§ **INFORMATION SUPPLIED**
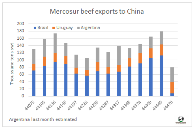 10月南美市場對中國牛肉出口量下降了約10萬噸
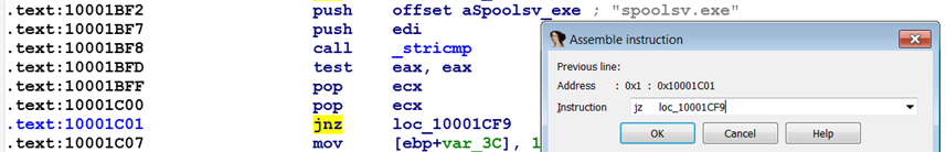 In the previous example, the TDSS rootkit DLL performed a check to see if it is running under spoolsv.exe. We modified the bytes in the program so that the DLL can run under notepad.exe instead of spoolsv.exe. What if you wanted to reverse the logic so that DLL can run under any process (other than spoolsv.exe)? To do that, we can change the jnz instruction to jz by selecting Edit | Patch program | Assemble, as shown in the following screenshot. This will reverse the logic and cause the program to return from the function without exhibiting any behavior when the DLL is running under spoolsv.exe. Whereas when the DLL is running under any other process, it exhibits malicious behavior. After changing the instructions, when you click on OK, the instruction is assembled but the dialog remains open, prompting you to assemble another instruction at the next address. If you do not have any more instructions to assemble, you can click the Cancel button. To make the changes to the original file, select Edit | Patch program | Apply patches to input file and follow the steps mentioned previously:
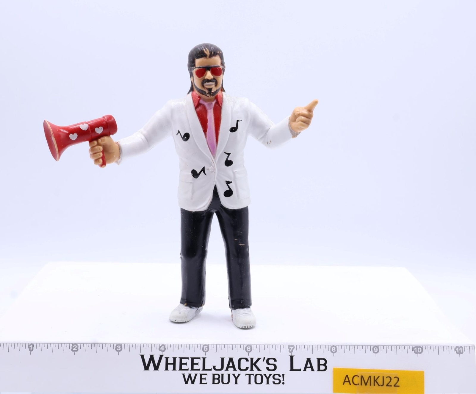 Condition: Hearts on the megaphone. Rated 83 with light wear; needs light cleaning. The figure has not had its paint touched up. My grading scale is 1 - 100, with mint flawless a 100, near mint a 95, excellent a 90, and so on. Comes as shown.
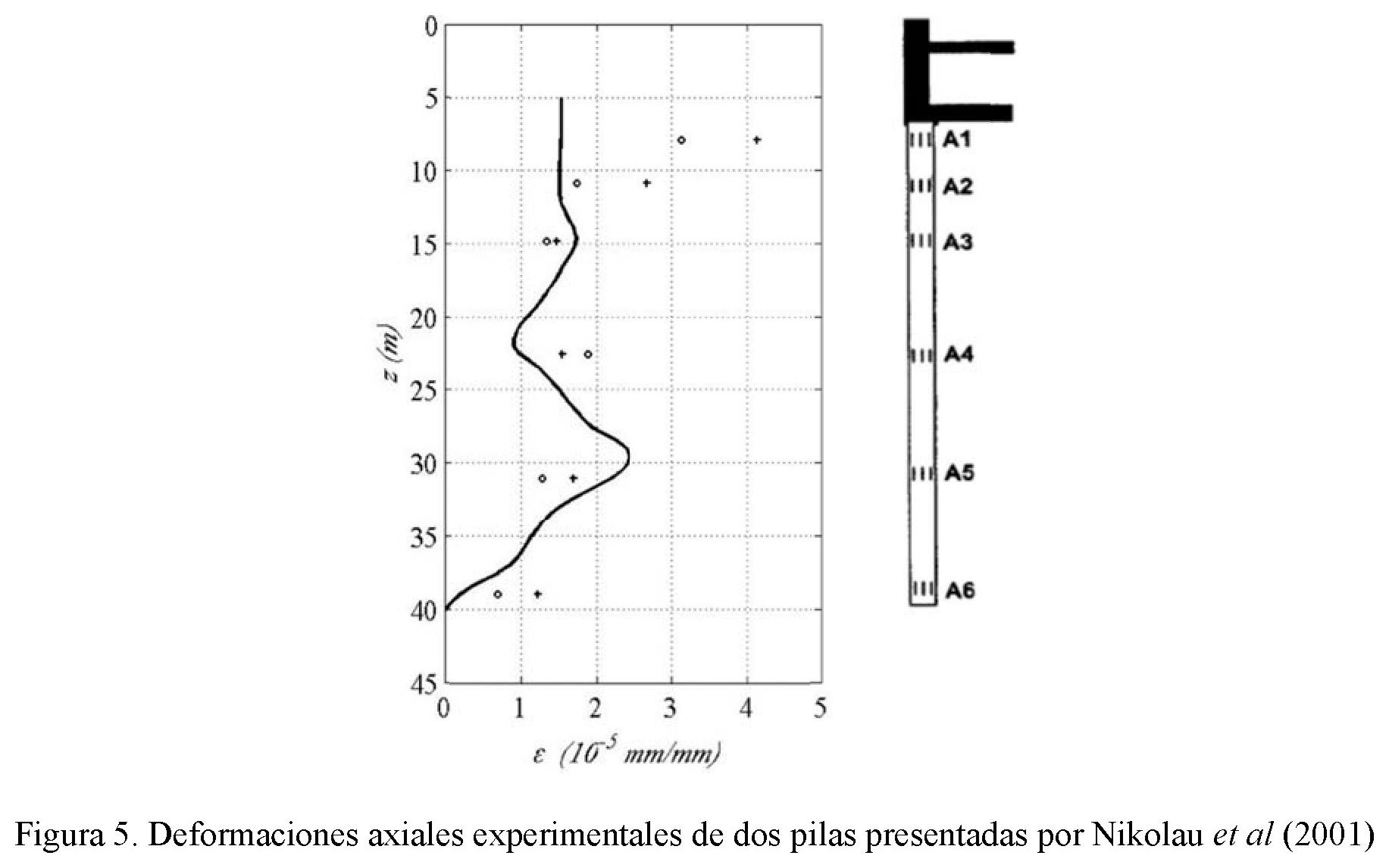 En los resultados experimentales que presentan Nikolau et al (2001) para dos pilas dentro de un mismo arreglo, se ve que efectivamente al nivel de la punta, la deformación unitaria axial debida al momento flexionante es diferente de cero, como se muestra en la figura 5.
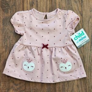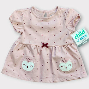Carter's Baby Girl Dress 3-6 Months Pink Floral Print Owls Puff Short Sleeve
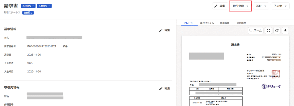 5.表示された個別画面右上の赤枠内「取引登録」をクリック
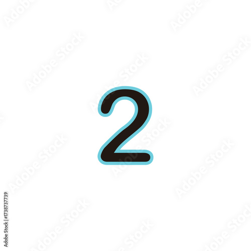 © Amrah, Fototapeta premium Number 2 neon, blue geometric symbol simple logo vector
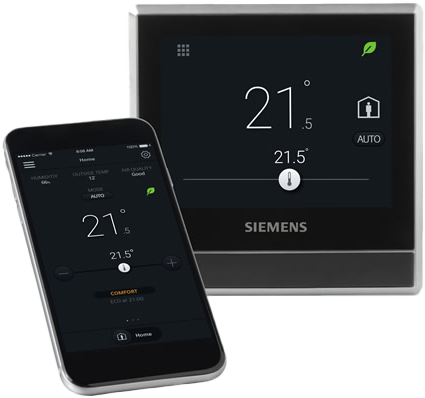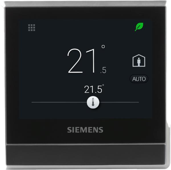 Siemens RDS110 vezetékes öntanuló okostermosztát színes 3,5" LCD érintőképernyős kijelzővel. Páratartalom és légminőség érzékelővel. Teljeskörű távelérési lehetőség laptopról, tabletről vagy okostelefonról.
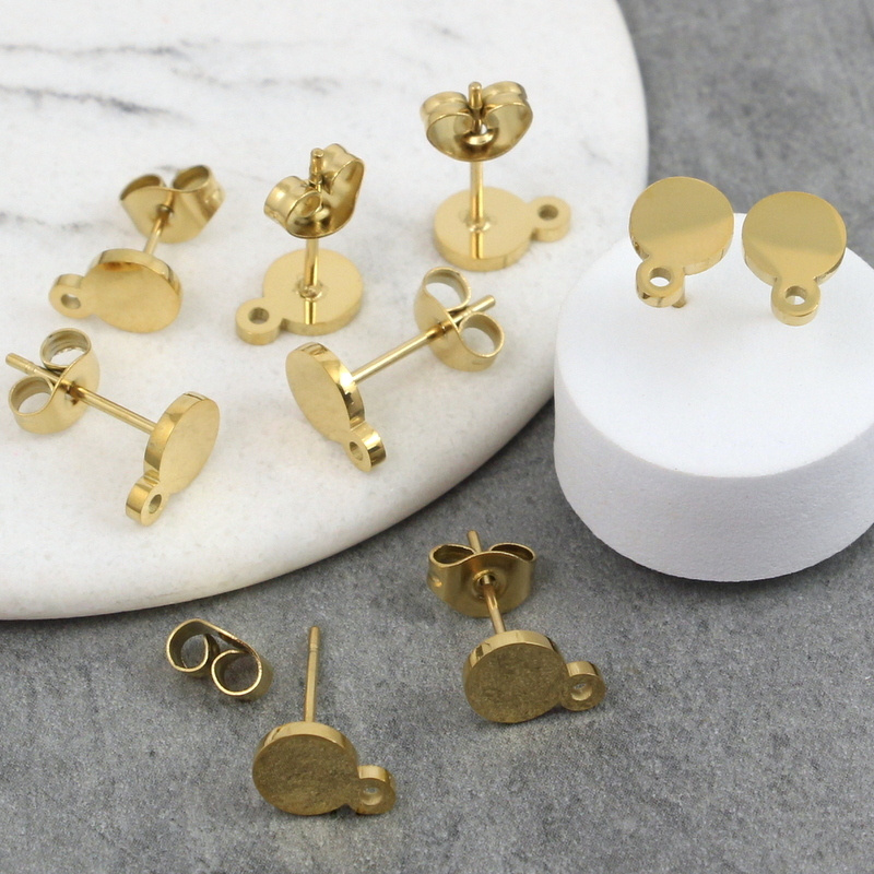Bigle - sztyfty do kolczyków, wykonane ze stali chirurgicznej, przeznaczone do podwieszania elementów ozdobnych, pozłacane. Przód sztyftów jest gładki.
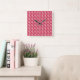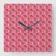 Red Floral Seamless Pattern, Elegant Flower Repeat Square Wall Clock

§ **WHAT YOU SHOULD DO**
Each line above should be written out again exactly, without any image.

§ **OUTPUT**
 10月南美市場對中國牛肉出口量下降了約10萬噸
 In the previous example, the TDSS rootkit DLL performed a check to see if it is running under spoolsv.exe. We modified the bytes in the program so that the DLL can run under notepad.exe instead of spoolsv.exe. What if you wanted to reverse the logic so that DLL can run under any process (other than spoolsv.exe)? To do that, we can change the jnz instruction to jz by selecting Edit | Patch program | Assemble, as shown in the following screenshot. This will reverse the logic and cause the program to return from the function without exhibiting any behavior when the DLL is running under spoolsv.exe. Whereas when the DLL is running under any other process, it exhibits malicious behavior. After changing the instructions, when you click on OK, the instruction is assembled but the dialog remains open, prompting you to assemble another instruction at the next address. If you do not have any more instructions to assemble, you can click the Cancel button. To make the changes to the original file, select Edit | Patch program | Apply patches to input file and follow the steps mentioned previously:
 Condition: Hearts on the megaphone. Rated 83 with light wear; needs light cleaning. The figure has not had its paint touched up. My grading scale is 1 - 100, with mint flawless a 100, near mint a 95, excellent a 90, and so on. Comes as shown.
 En los resultados experimentales que presentan Nikolau et al (2001) para dos pilas dentro de un mismo arreglo, se ve que efectivamente al nivel de la punta, la deformación unitaria axial debida al momento flexionante es diferente de cero, como se muestra en la figura 5.
Carter's Baby Girl Dress 3-6 Months Pink Floral Print Owls Puff Short Sleeve
 5.表示された個別画面右上の赤枠内「取引登録」をクリック
 © Amrah, Fototapeta premium Number 2 neon, blue geometric symbol simple logo vector
 Siemens RDS110 vezetékes öntanuló okostermosztát színes 3,5" LCD érintőképernyős kijelzővel. Páratartalom és légminőség érzékelővel. Teljeskörű távelérési lehetőség laptopról, tabletről vagy okostelefonról.
Bigle - sztyfty do kolczyków, wykonane ze stali chirurgicznej, przeznaczone do podwieszania elementów ozdobnych, pozłacane. Przód sztyftów jest gładki.
 Red Floral Seamless Pattern, Elegant Flower Repeat Square Wall Clock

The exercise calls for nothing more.